«Юнкера» (Ходасевич)

"Юнкера"
автор Владислав Фелицианович Ходасевич
Опубл.: 1932. Источник: az.lib.ru

В. Ф. Ходасевич
«Юнкера»

Ходасевич В. Ф. Собрание сочинений: В 4 т. Т. 2. Записная книжка. Статьи о русской поэзии. Литературная критика 1922—1939. — М.: Согласие, 1996.


Русская «честная», «передовая» критика, та, что упорно звала писателей «сеять разумное, доброе, вечное» и (надо ей отдать справедливость) сама весьма доблестно занималась тем же, — состояла из людей, разумеется, глубоко порядочных, отчасти даже подвижников. Ее недостатком было лишь то, что, вполне зная толк в добродетели (в особенности гражданской), она несравненно меньше понимала в искусстве. Пожалуй, даже и не хотела знать, ибо всякое художество почитала как бы лишь прикрасою того «разумного, доброго, вечного», которое должно любить без всяких прикрас. Всякое мастерство почитала она напрасной, а то и лишней искусственностью, наивно думая, будто бывает искусство без искусственности. В Пушкине она не отказалась ценить то, что в свой «жестокий век» он «прославил свободу», но, в сущности, не считала его человеком серьезным. Устами Писарева, человека кристальной честности, способного падать в обморок, когда он слышал неправду, — она не постеснялась от Пушкина и отречься. В писателе она умела ценить лишь «идеи». Пушкинские идеи слишком глубоко спрятаны в форме — передовая критика не умела их находить.

Формалисты были людьми противоположной крайности, противоположного заблуждения.
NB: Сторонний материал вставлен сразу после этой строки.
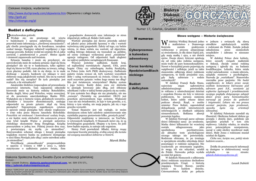 Ciekawe miejsca, wydarzenia: Biuletyn Diakonii Społecznej hp://www.duchprawdy.com/objawienia.htm Objawienia z całego świata. hp://gosc.pl/ hp://cizengo.org/pl Numer 17, Gdańsk, Grudzień 2016 r. BudŜet z deficytem P otrzebowałem gotówki. Wydaje się: nic prostszego niż wizyta w bankomacie i sprawa załatwiona. Najbliższy przywitał mnie informacją o „chwilowej nieczynności”; gdy chwila przeciągnęła się do kwadransa, zacząłem szukać innego. Następny odmówił współpracy z tego samego powodu. Kolejny wydał mi ostatnie 80 zł, jakie zawierał, i poinformował o „awarii”. Słońce zgasło i ciemność zapanowała nad światem. Sytuacja banalna i może się przydarzyć, ale sprowokowała mnie do zadania pytania: skąd się biorą pieniądze? Ale nie te w bankomacie, tylko ogólnie: skąd się bierze to COŚ, czym płacimy za towary, usługi, czym płacimy podatki. Jak to się dzieje, że te małe drobiazgi – monety, banknoty czy mknące w sieci elektrony mają jakąkolwiek wartość. Kto im tę wartość nadał? Kto nią zarządza? Ile tych pieniędzy jest realnych, a ile wirtualnych? Amatorskie śledztwo rozpocząłem od przeszukania zawartości internetu. Tam najczęściej odnośniki kierowały mnie na historię rodziny Rotschildów, Banku Anglii, bitwy pod Waterloo, wojny secesyjnej, aż do powstania amerykańskiego Banku FED. Wplątałem się w historie wojen, globalnych wzrostów, rabunków i kryzysów ekonomicznych, szukając odpowiedzi na proste pytanie: skąd się biorą pieniądze? Najczęstszym napotkanym cytatem w sprawie emisji pieniądza było zdanie wygłoszone w 1790 roku przez Mayera Amschela Rotschilda: Pozwólcie mi emitować i kontrolować walutę kraju, a nie będzie mnie obchodzić, kto ustanawia prawa oraz tytuł książki Wojna o pieniądz autorstwa chińskiego ekonomisty Song Hongbinga. Książkę przeczytałem w jedną noc. Później jeszcze dwa razy, z powtarzającą się myślą „to niemożliwe”. Rozrysowałem schemat obiegu i kreacji pieniądza względem rezerwy banku na podstawie dostępnego w sieci filmu Pieniądz jako dług i znów mówiłem sobie „to niemożliwe”. Weryfikację „niemożliwości” przeprowadziłem w oparciu o Ustawę o NBP z 2013 r., tabele statystyczne o zadłużeniu państw świata, firm i gospodarstw domowych oraz informacje ze stron nbportal.pl, mfiles.pl. Bolało i boli nadal. Wartość pieniądza już dawno przestała zależeć od jakości pracy jednostki łączonej w siłę i wartość wytwórczą całej gospodarki. Zależy od tego, czy ludzie wierzą, że dana waluta ma wartość, od algorytmu, według którego dokonuje się transakcji na giełdzie, od oceny (ratingu) wydawanej przez „niezależne” agencje ratingowe. Od odporności bądź uległości na wpływy polityków zarządzających finansami. Wszyscy jesteśmy zadłużeni. Każdy kraj, od najbardziej rozwiniętych: Japonii, USA, przez bogate Chiny czy suberbogatą Arabię Saudyjską, na Polsce (min. 60% PKB) skończywszy. Zadłużenie państw świata wynosi ok. 65% wartości wszystkich dóbr i usług wytwarzanych na świecie. Ciśnie się na myśl oczywiste pytanie: wobec kogo mamy ten dług? Kto jest światowym wierzycielem? Błędny system i jego twórcy. Każdy dolar, euro czy złotówka to pieniądz kreowany jako dług, jest obłożony odsetkami i tylko w takiej formie pojawia się na rynku. W tym systemie bez długu nie ma pieniędzy, nie ma „rozwoju”. Chciałoby się powiedzieć: DŁUG jest grzechem pierworodnym tego systemu. Większość z nas nie ma świadomości, że żyje w tym grzechu, a ci, którzy o tym wiedzą, nie mają pojęcia, jak się z tego grzechu wyzwolić. Temat finansów jest tak rozległy, że moim dzisiejszym celem było zaledwie zainteresowanie nim czytelnika poprzez postawienie kilku „prostych pytań”. Odpowiedzi znajdziemy w internecie, na YouTube, w cytowanych książkach. O finansach mówi się, że są krwiobiegiem gospodarki. Dbajmy o tę krew, bo jeśli krew będzie zepsuta, to zatruje cały organizm. Henry Ford powiedział: Młodzi, którzy mogą rozwiązać kwestię pieniędzy, zrobią więcej dla świata niż wszyscy zawodowi żołnierze w historii. Marek Skiba Diakonia Społeczna Ruchu Światło-Życie archidiecezji gdańskiej Kontakt : Ania i Leszek Dubiccy, [email protected], tel. 509 570 571, http://gdansk.diakoniaspoleczna.pl/ Biuletyn "GORCZYCA" jest przygotowywana przez Diakonię Społeczną Ruchu Światło-Życie archidiecezji gdańskiej. Wszystkie zamieszczone teksty są wyrazem przekonań jej członków i nie mogą być traktowane jako oficjalne stanowisko Ruchu Światło-Życie lub Centralnej Diakonii Społecznej Ruchu Światło-Życie. Słowo wstępne ― Historie świąteczne W numerze: Cyberprzemoc a kalendarz adwentowy Coraz bardziej #podziwiamBlach nickiego BudŜet z deficytem W dalekiej Wielkiej Brytanii jedno z małżeństwo z Domowego Kościoła zostało praktycznie wykluczone z procesu adopcyjnego za stwierdzenie, że dla dzieci lepiej jest, gdy mają matkę i ojca, a nie dwóch ojców. Dwoje dzieci, którymi opiekują się od roku jako rodzina zastępcza, może trafić do pary homoseksualistów. Nawet w brytyjskiej prasie pojawiają się wątpliwości i refleksja: jeżeli za takie stanowisko odbierają dzieci rodzinom zastępczym, to kiedy przyjedzie czas, gdy będą zabierane z rodzin naturalnych? W dalekiej Francji Rada Stanu, najwyższy organ sądownictwa administracyjnego potwierdziła, że reklama z uśmiechniętymi dziećmi z zespołem Downa nie leży w interesie publicznym, bo narusza sumienia kobiet, które zabiły własne dzieci podczas aborcji. Rząd, w osobie minister Praw Kobiet, zapowiedział delegalizację portali internetowych informujących o skutkach zabijania nienarodzonych. Reklama aborcji pozostaje legalna. W dalekiej Norwegii parze zabrano dzieci (bliźnięta) zaraz po urodzeniu. Matka dzieci kilkanaście lat wcześniej została zdiagnozowana jako upo

Эти хотели исследовать одну только форму, презирая и отметая какое бы то ни было содержание, считая его не более как скелетом или деревянным манекеном для набрасывания формальных приемов. Только эти приемы они и соглашались исследовать: не удивительно, что в глазах Шкловского Достоевский оказался уголовно-авантюрным романистом — не более. Как исследователь литературы Шкловский стоит Писарева. Как нравственная личность Писарев нравится мне гораздо больше.

В действительности форма и содержание, «что» и «как», в художестве нераздельны. Нельзя оценивать форму, не поняв, ради чего она создана. Нельзя проникнуть в «идею» произведения, не рассмотрев, как оно сделано. В «как» всегда уже заключается известное «что»: форма не только соответствует содержанию, не только с ним гармонирует — она в значительной степени его выражает. Формальное рассмотрение вещи всегда поучительно, не только потому, что из такого рассмотрения может быть почерпнут рецепт для создания других вещей (я даже думаю, что на практике такие рецепты слишком часто оказываются неприложимы), но и потому, что здесь, отсюда, с этой стороны порой открывается самая сердцевина произведения, самая подлинная его «философия». В искусстве ничто не случайно. Иногда одна маленькая подробность, чисто формальная и с первого взгляда как будто даже незначительная, несущественная, оказывается ключом ко всему замыслу, тем концом нитки, потянув за который мы разматываем весь «философический» клубок. Это вовсе не значив, что в данном произведении заключен какой-то ребус, который читатель должен разгадывать, причем автор лукаво спрашивает: разгадаешь или не разгадаешь? Это значит лишь то, что форма довлеет содержанию, что мысль художника ищет выразить себя в форме и иначе, как в данной форме, не может быть им выражена. Художник выражает мир таким, каким он ему видится, а что значит такое видение — это, быть может, ему самому не более ясно, чем его читателю. Читатель может «открыть» в произведении больше, чем автор сознательно хотел выразить. Критик есть только внимательный читатель. Критик порою тянет за конец нитки — и вычитывает то, что, пожалуй, будет новостью для самого автора, хотя эта новость, несомненно, заключена в произведении.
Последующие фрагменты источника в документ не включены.